Five Property Patterns

If you’ve written database tests before, you’ve probably noticed that most SQL bugs follow a few recurring shapes: an aggregate that drifts on weird inputs, an RLS policy that allows the wrong row, a migration that produces a different answer than the query it replaced. Each of those shapes has a property-based formulation that’s much shorter than the example-based equivalent and catches more bugs.

Here are five patterns, ordered roughly by how often they pay off.

1. Aggregation invariants

The shape: “The aggregate produced by the database equals what Python computes from the same input rows.”

This is property-based testing’s most immediate win, because almost every reporting query is an aggregation, and aggregations have edge cases (NULLs, empty groups, floating-point precision, decimal scale, window-frame boundaries) that hand-typed fixtures don’t cover.

from collections import defaultdict
from decimal import Decimal
from sqlproof import SqlProof, sqlproof

proof = SqlProof.from_schema_file("./schema.sql")

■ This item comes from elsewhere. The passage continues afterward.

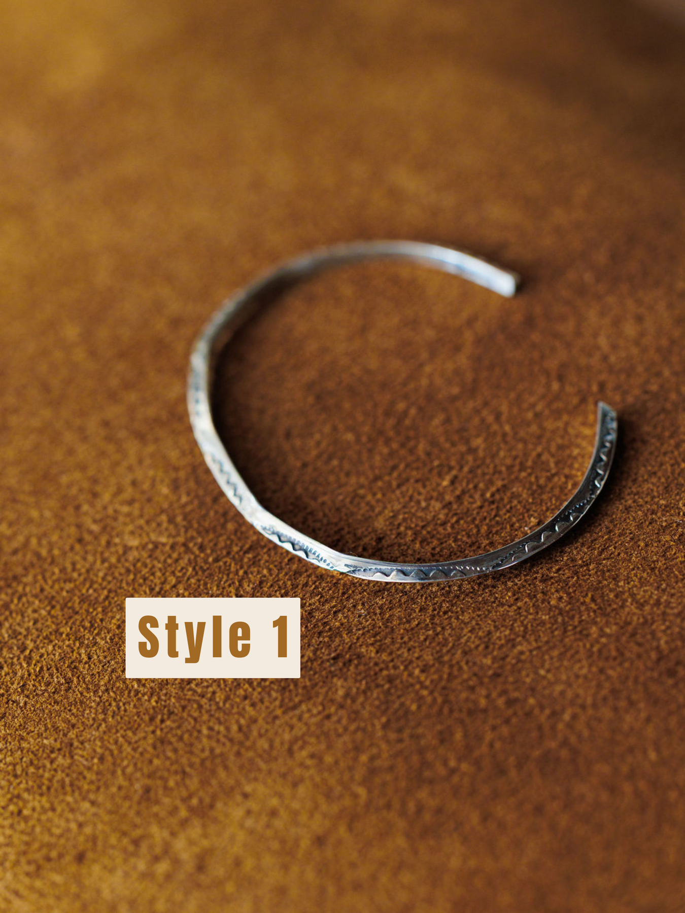 Southwest hand stamped design; design varies slightly with each cuff.

@sqlproof(proof, sizes={"customers": 5, "orders": 50}, runs=100)
def test_customer_revenue_view_matches_python_aggregate(db):
    rows = db.query("SELECT customer_id, total FROM orders")

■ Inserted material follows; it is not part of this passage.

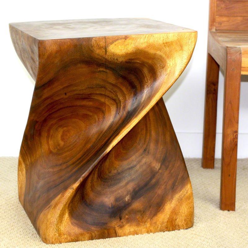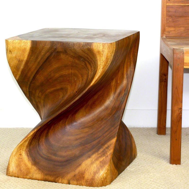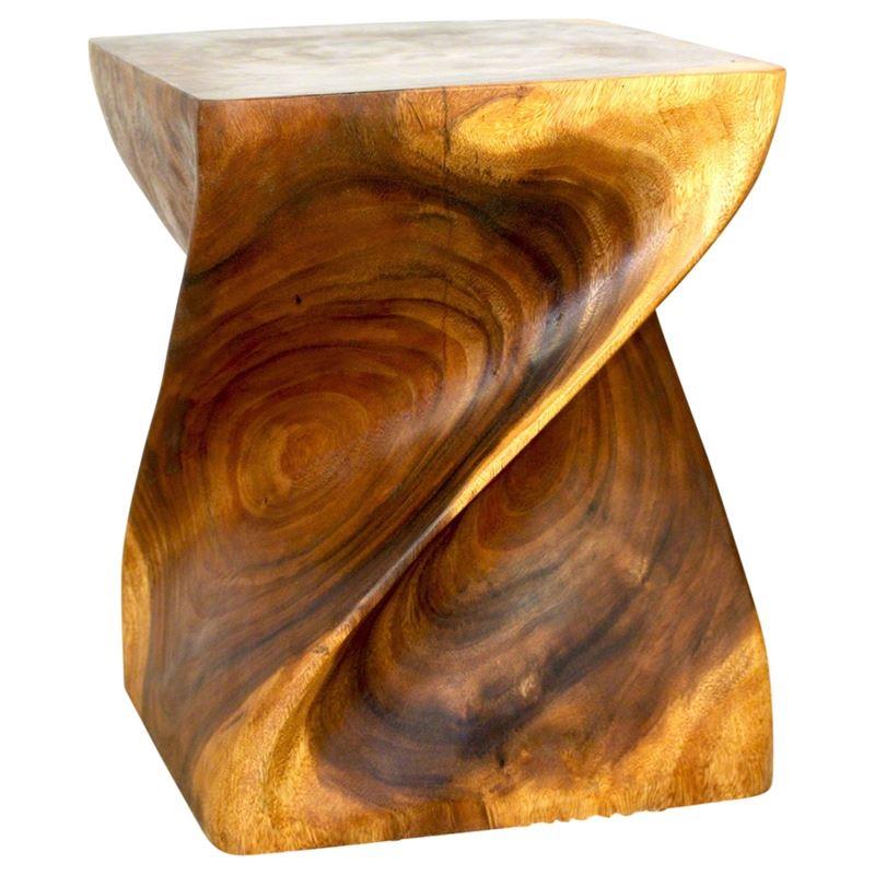 Life is already cluttered with enough drama and commotion. Revel in the simplistic beauty of the Big Twist End Table. Embrace the sense of calm it exudes. Admire the deceptively easy design. Each is hand carved - no two are alike. This elegant piece with Walnut can serve as an end table, display stand, or a stool for last minute seating.

    expected = defaultdict(Decimal)
    for row in rows:
        expected[row["customer_id"]] += row["total"]

    materialized = {
        r["customer_id"]: r["revenue"]
        for r in db.query("SELECT * FROM customer_revenue")
    }

    assert dict(expected) == materialized

If customer_revenue rounds differently than Python (e.g. silently truncating instead of rounding half-to-even), this test will fail on the smallest input set Hypothesis can shrink to — typically two rows with adjacent values that straddle the rounding boundary.

2. RLS policy regressions

The shape: “User A cannot see any row that doesn’t belong to user A — for any combination of memberships, roles, and shared resources.”

RLS is notorious for bugs that pass simple unit tests but fail under specific role/sharing combinations. A property test makes that combinatorial space tractable.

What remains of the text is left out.